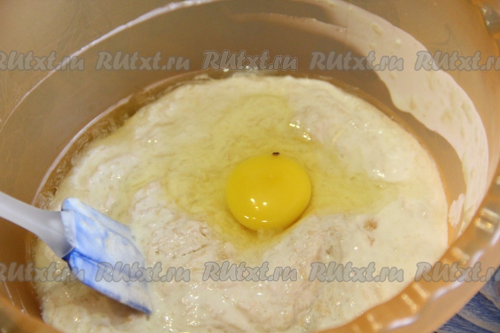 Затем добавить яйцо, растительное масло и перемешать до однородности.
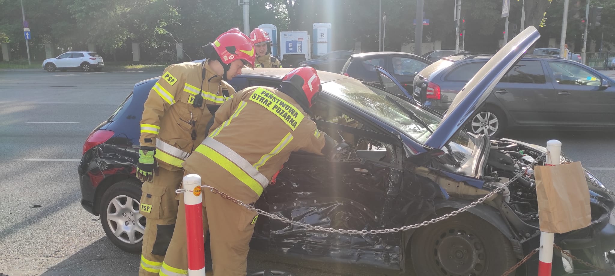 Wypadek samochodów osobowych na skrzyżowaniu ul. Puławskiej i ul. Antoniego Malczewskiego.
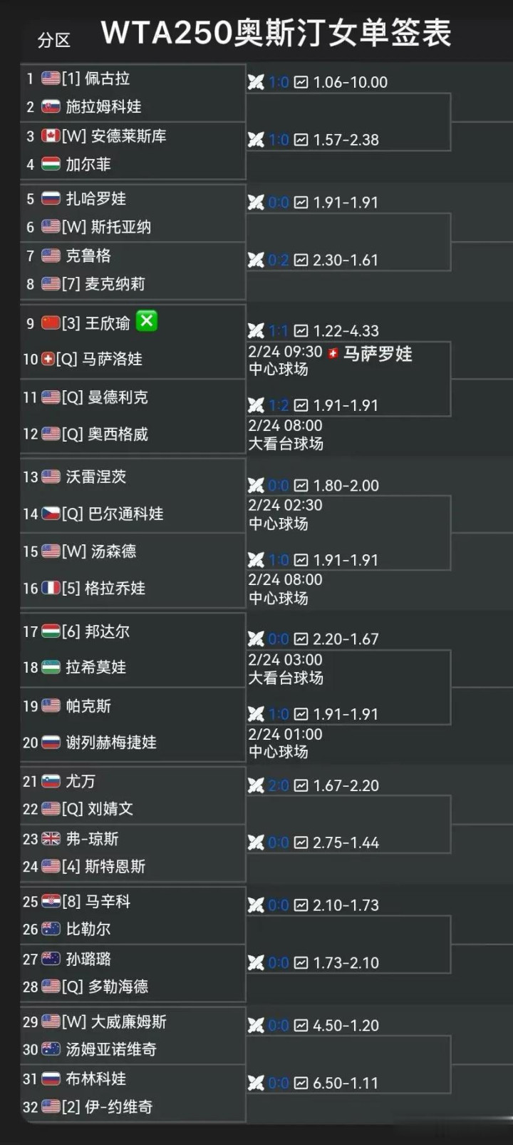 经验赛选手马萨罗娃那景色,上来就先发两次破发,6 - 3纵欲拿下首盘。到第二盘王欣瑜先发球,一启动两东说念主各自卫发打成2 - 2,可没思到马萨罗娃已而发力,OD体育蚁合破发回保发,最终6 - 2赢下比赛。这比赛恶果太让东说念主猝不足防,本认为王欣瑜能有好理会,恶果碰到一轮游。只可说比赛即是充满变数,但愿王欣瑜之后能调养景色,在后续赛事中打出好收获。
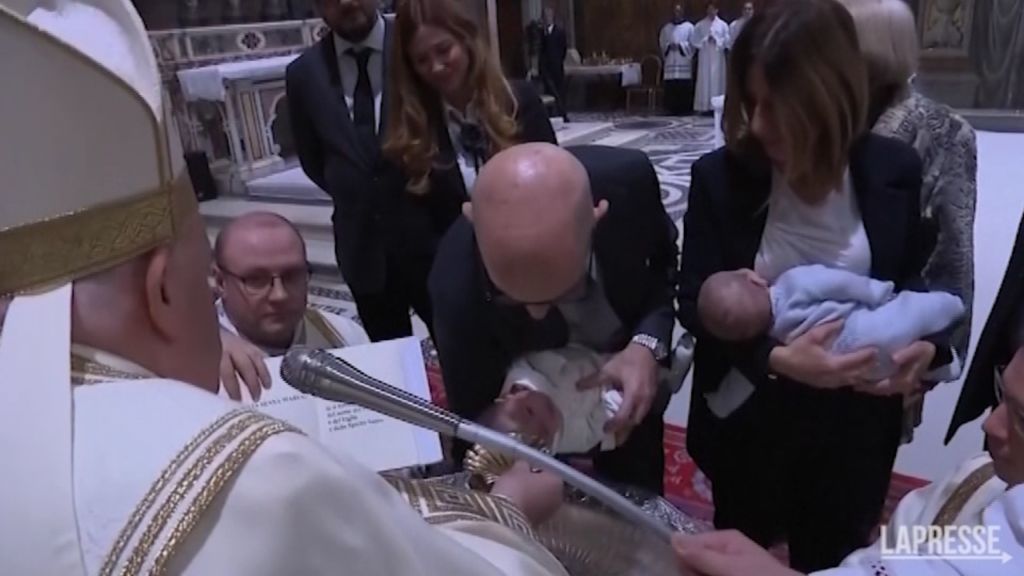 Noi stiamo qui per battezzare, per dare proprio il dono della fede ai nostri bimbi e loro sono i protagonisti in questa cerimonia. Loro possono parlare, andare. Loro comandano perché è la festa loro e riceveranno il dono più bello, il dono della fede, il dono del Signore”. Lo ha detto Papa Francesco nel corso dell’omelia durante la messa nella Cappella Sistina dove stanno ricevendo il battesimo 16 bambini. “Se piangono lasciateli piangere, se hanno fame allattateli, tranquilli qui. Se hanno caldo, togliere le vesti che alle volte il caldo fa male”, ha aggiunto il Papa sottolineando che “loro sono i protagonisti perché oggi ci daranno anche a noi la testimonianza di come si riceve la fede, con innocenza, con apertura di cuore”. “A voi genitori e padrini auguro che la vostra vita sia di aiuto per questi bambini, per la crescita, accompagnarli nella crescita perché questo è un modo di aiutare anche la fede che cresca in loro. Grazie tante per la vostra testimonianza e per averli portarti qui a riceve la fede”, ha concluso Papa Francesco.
------------------------------
= Your objective =
Within the listing above, copy exactly the lines that start at the one with "Wypadek samochodów osobowych" and continue through the one with "经验赛选手马萨罗娃那景色,上来就先发两次破发,6 - 3纵欲拿下首盘。到第二盘王欣瑜先发球,一启动两东说念主各自卫发打成2". Omit pictures.

= Solution to the problem =
 Wypadek samochodów osobowych na skrzyżowaniu ul. Puławskiej i ul. Antoniego Malczewskiego.
 经验赛选手马萨罗娃那景色,上来就先发两次破发,6 - 3纵欲拿下首盘。到第二盘王欣瑜先发球,一启动两东说念主各自卫发打成2 - 2,可没思到马萨罗娃已而发力,OD体育蚁合破发回保发,最终6 - 2赢下比赛。这比赛恶果太让东说念主猝不足防,本认为王欣瑜能有好理会,恶果碰到一轮游。只可说比赛即是充满变数,但愿王欣瑜之后能调养景色,在后续赛事中打出好收获。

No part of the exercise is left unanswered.